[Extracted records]
• • • • • • •

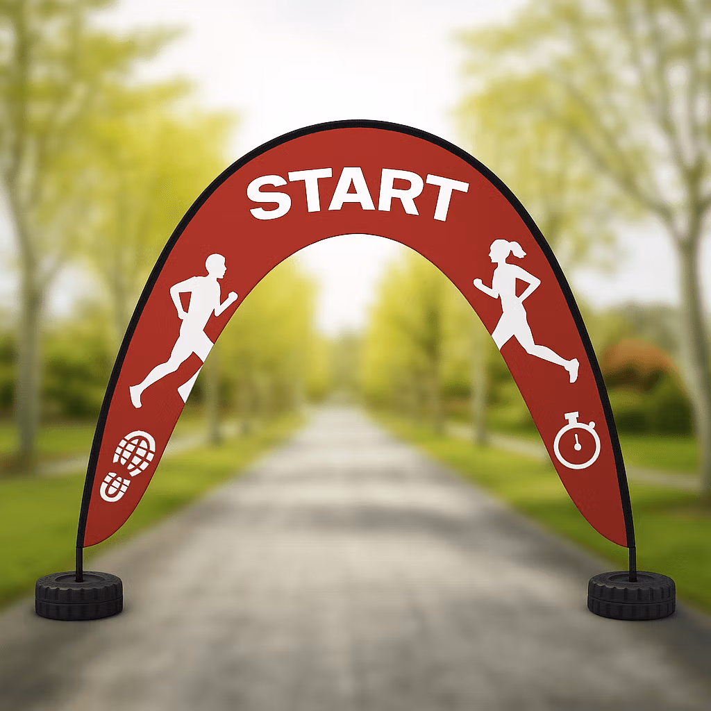 The Arch Flag is a striking display solution, perfect for both outdoor and spacious indoor events. It’s especially effective at festivals, marking entrances, or highlighting start and finish lines at races or sports events.
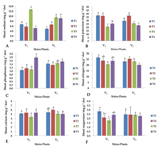 Effects of copper oxide nanoparticles and salinity stress on (A) total sodium, (B) total potassium, (C) total phosphorus, (D) total nitrogen, (E) total calcium, (F) total magnesium, in shoots of both maize hybrids (V1: YH-5427; V2: FH-1046). T1: control; T2: foliar CuO-NPs; T3: salinity stress; T4: salinity stress + foliar CuO-NPs. Different letters demonstrate significant differences among the treatments (p < 0.05).
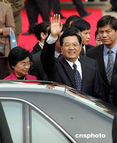 胡錦濤在何厚鏵的陪同下,向歡迎的當?shù)孛癖姄]手致意。
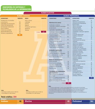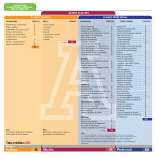 Este documento presenta los bloques de asignaturas para dos carreras universitarias. Ambas carreras incluyen un bloque de asignaturas Anáhuac, un bloque electivo y un bloque profesional. El bloque Anáhuac contiene asignaturas generales, el bloque electivo ofrece opciones de pre-especialización y el bloque profesional se enfoca en las asignaturas técnicas de cada carrera.
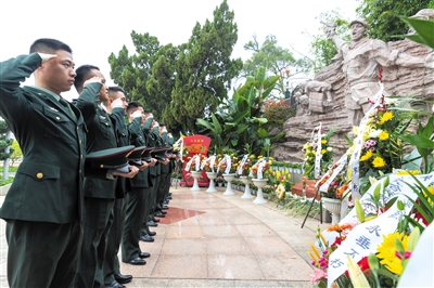 4月4日,第73集团军某旅组织官兵赴厦门鼓浪屿英雄山革命烈士陵园祭奠先烈。
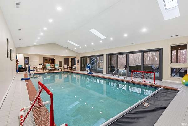 Start Showing Date: 4/10/2026 Start Showing date Friday April 10th! Tucked away among mature trees on 9.61 acres with a private pond, this updated contemporary ranch offers privacy & resort-style living just minutes from town. The spacious 7,220 sq. ft. layout includes 5 bedrooms, 5 bathrooms, a main-floor primary suite with spa-inspired bath & walk-in shower & an office/den with built-in bookshelves. Outdoor living is exceptional with a 2,000+ sq. ft. multi-level deck, built-in fire pit & serene wooded views. The finished walkout lower level features a full-size indoor pool with electric retractable cover, recreation space, game room, pool table area and direct access to the lower deck & yard. Additional amenities include a 3-car garage, outbuilding & abundant entertaining space. This is the family home everyone wants to come home to & where memories will last a lifetime!Note: Property taxes currently reflect no homestead exemption.
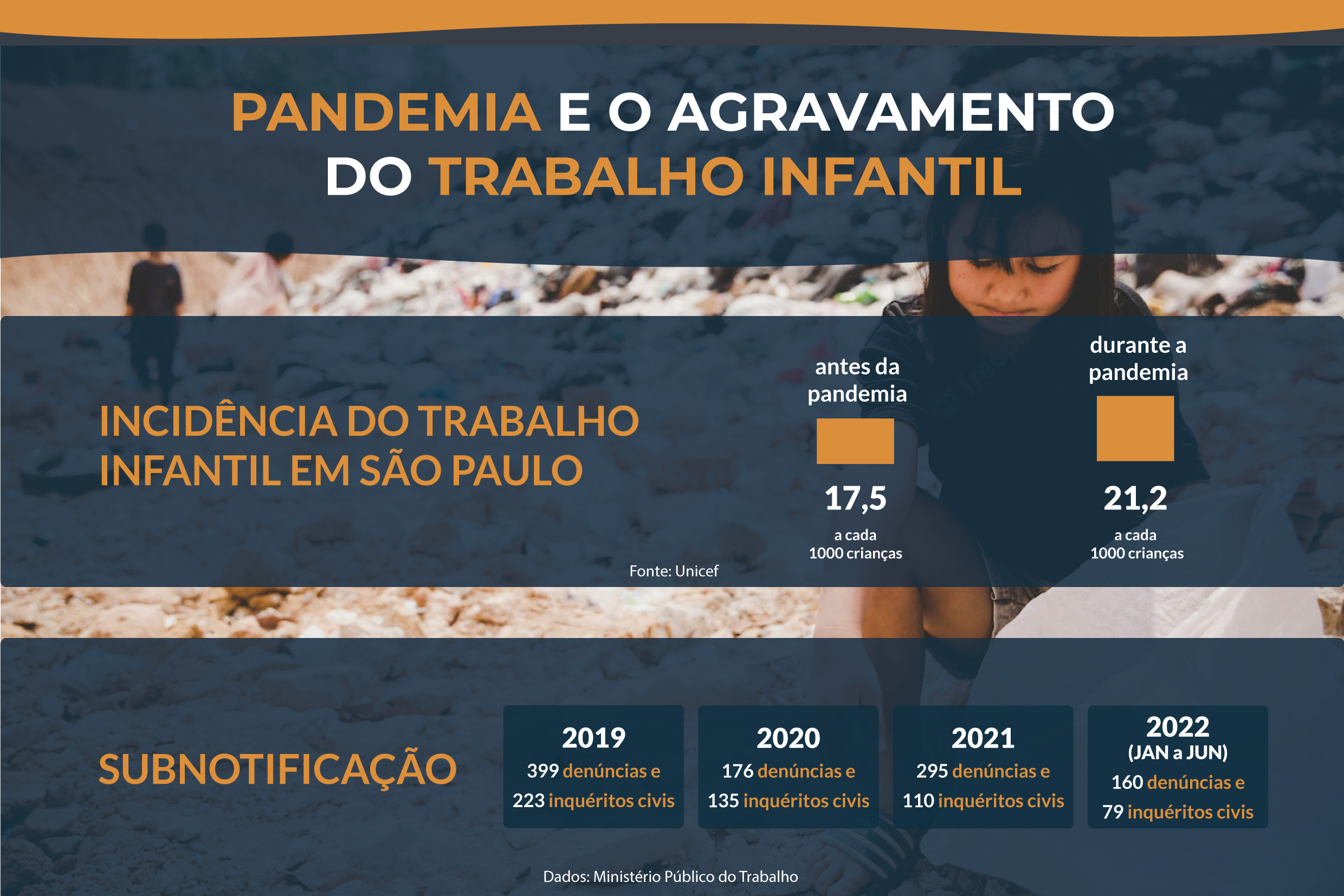 Em São Paulo, o levantamento feito pelo Unicef entre os meses de maio e julho de 2020, apontou o agravamento no trabalho infantil no Estado durante a pandemia. O estudo, realizado com 52.744 famílias em situações de vulnerabilidade social de diversas regiões, identificou um aumento de 26% do trabalho infantil no período.
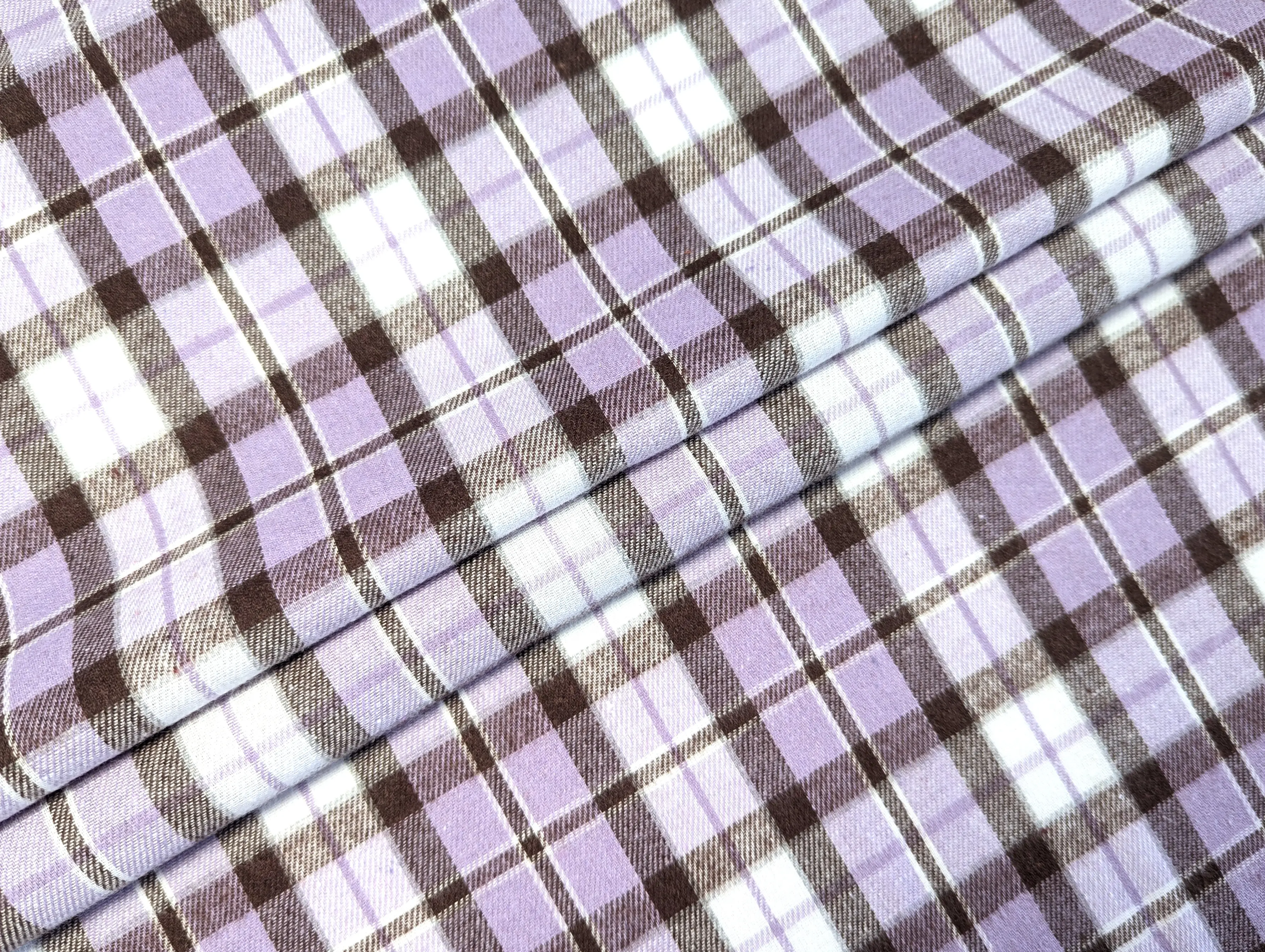 Коттон рубашечный клетка 95 мм, коричневый с сиреневым
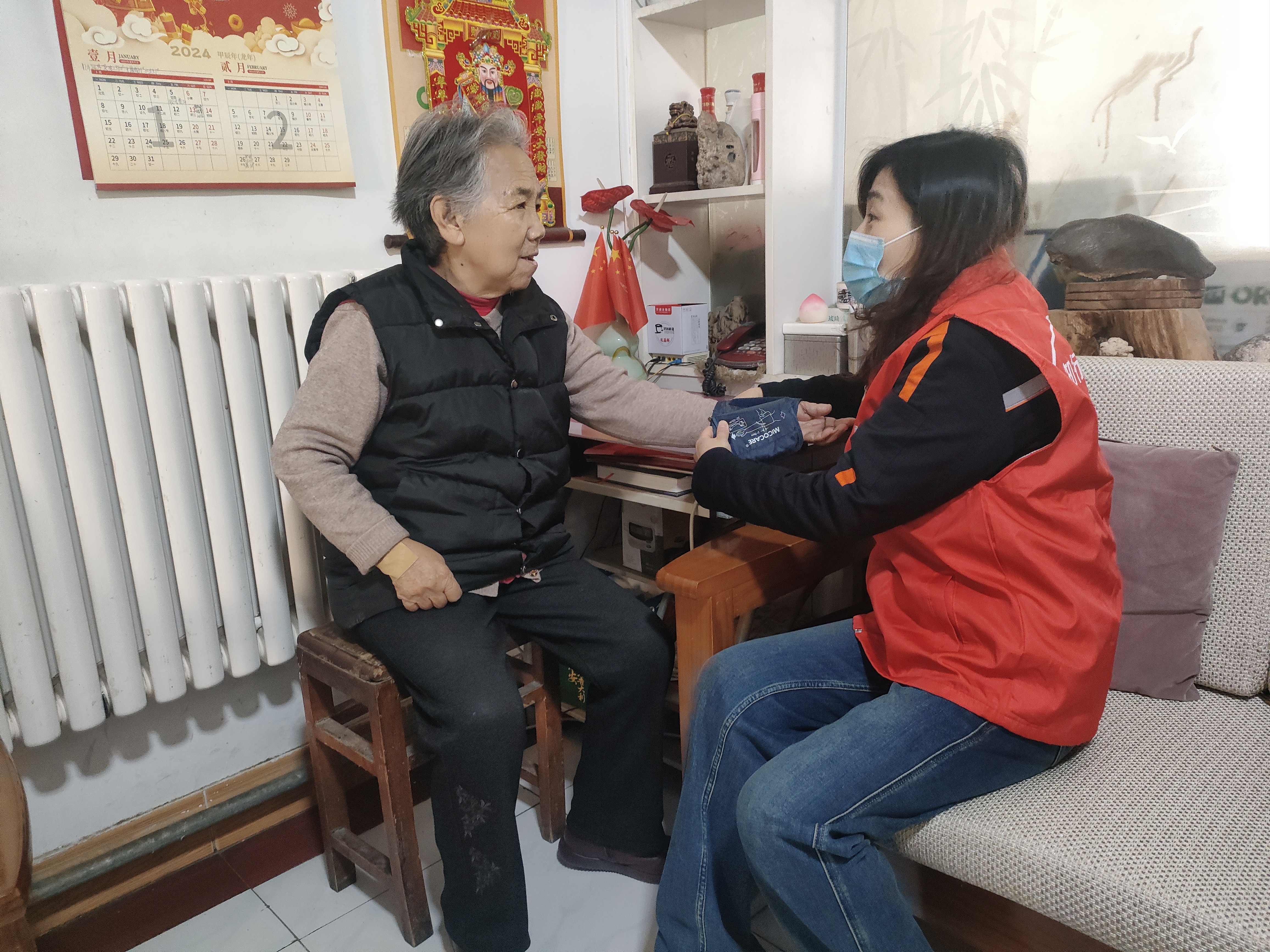 活动当天,志愿者们来到位于南全福社区的时阿姨家,据社区工作人员介绍,老两口患病多年,子女在外地工作,平日都是阿姨操持家里的大小事务。来到时阿姨家中后,志愿者们先是送上米、面、油等慰问品,了解家中近况,并为时阿姨测量血压,叮嘱阿姨注意身体健康。一同前来的供暖管家还仔细检查了家中供热设施,确保家中正常用热。随后,志愿者们又来到郭阿姨家,正巧快到午饭时间,志愿者们拿出提前准备好的水饺馅,为郭阿姨准备午饭。志愿者们一边和郭阿姨聊天,一边和面、擀皮、包馅,不一会儿一盘水饺就包好了,郭阿姨也开心地说,“家里好久没这么热闹过了!”等水饺下锅的功夫,志愿者们将郭阿姨家的卫生死角进行了细致清理,并表示有什么困难及时跟社区沟通,我们一定提供力所能及的帮助,浓浓的敬老爱老情随着饺子的阵阵香味弥漫在心尖。
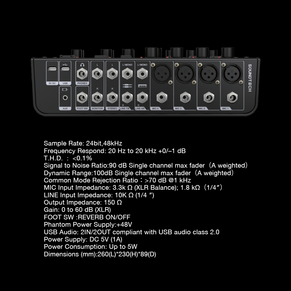 SOUNDTECH SMIX 8.0 Audio Mixer Digital with 8 Channel
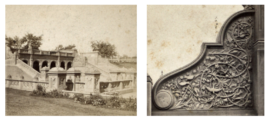 Though bridges and buildings would be constructed throughout the park, it was at the mall and terrace where Vaux and Mould created a sculptural program based on three-dimensional depictions of scenes found in nature that would have long-term impact not only on later landscape architecture, but also on designs for domestic, ecclesiastical and commercial architectural features. What made these features so remarkable was not only their design, but also their execution. Though there were stone cutters and carvers in the United States, it was common for more important commissions to be carved in Europe and sent back to be installed. In order to execute the complex carvings at the terrace, James Whitehouse and Robert Ellin, who had recently immigrated from Scotland and England, respectively, were hired to carry out the sculptural panels designed by Mould. Both Whitehouse and Ellin would go on to be pioneers in the American wood and stone carving. Robert Ellin would later form a partnership with William Kitson and their firm quickly rose to prominence gaining some of the most prestigious commissions of the late nineteenth century. Both Olmsted and Vaux would continue to use his services throughout the remainder of their careers.
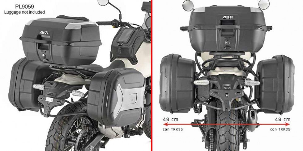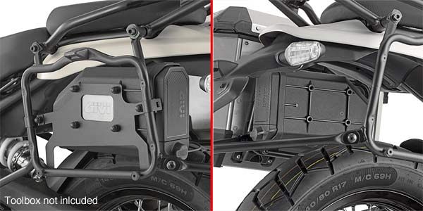 To fit panniers, you will need a Givi PL rack. You can use the PL9059 for Givi hard Monokey panniers. The S250 toolbox can be mounted on the pannier rack using the TL9059KIT fitting kit (S250 toolbox sold separately).
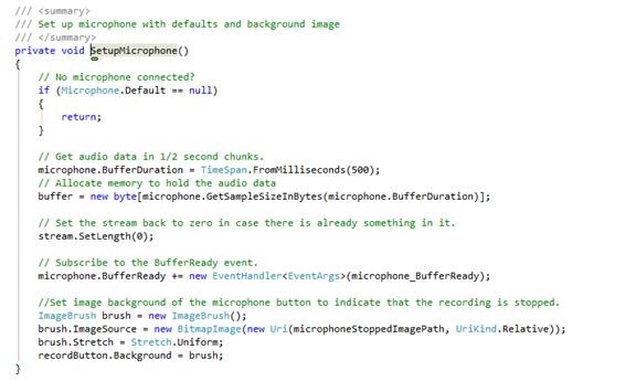 As you will see in the application, we don’t call stop immediately when the user toggles the microphone or clicks the play button. Instead we let the microphone raise the buffer ready event at the selected buffer duration to capture the last bit of audio data before stopping recording.
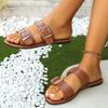 European and American foreign trade large size buckle flat bottom one-word shoes women's retro lightweight beach cool slippers Slippers

• • • • • • •

Starting with the line above that holds "Коттон рубашечный клетка", restate each line word for word up to and including the line that holds "SOUNDTECH SMIX 8.0". Drop the pictures.

 Коттон рубашечный клетка 95 мм, коричневый с сиреневым
 活动当天,志愿者们来到位于南全福社区的时阿姨家,据社区工作人员介绍,老两口患病多年,子女在外地工作,平日都是阿姨操持家里的大小事务。来到时阿姨家中后,志愿者们先是送上米、面、油等慰问品,了解家中近况,并为时阿姨测量血压,叮嘱阿姨注意身体健康。一同前来的供暖管家还仔细检查了家中供热设施,确保家中正常用热。随后,志愿者们又来到郭阿姨家,正巧快到午饭时间,志愿者们拿出提前准备好的水饺馅,为郭阿姨准备午饭。志愿者们一边和郭阿姨聊天,一边和面、擀皮、包馅,不一会儿一盘水饺就包好了,郭阿姨也开心地说,“家里好久没这么热闹过了!”等水饺下锅的功夫,志愿者们将郭阿姨家的卫生死角进行了细致清理,并表示有什么困难及时跟社区沟通,我们一定提供力所能及的帮助,浓浓的敬老爱老情随着饺子的阵阵香味弥漫在心尖。
 SOUNDTECH SMIX 8.0 Audio Mixer Digital with 8 Channel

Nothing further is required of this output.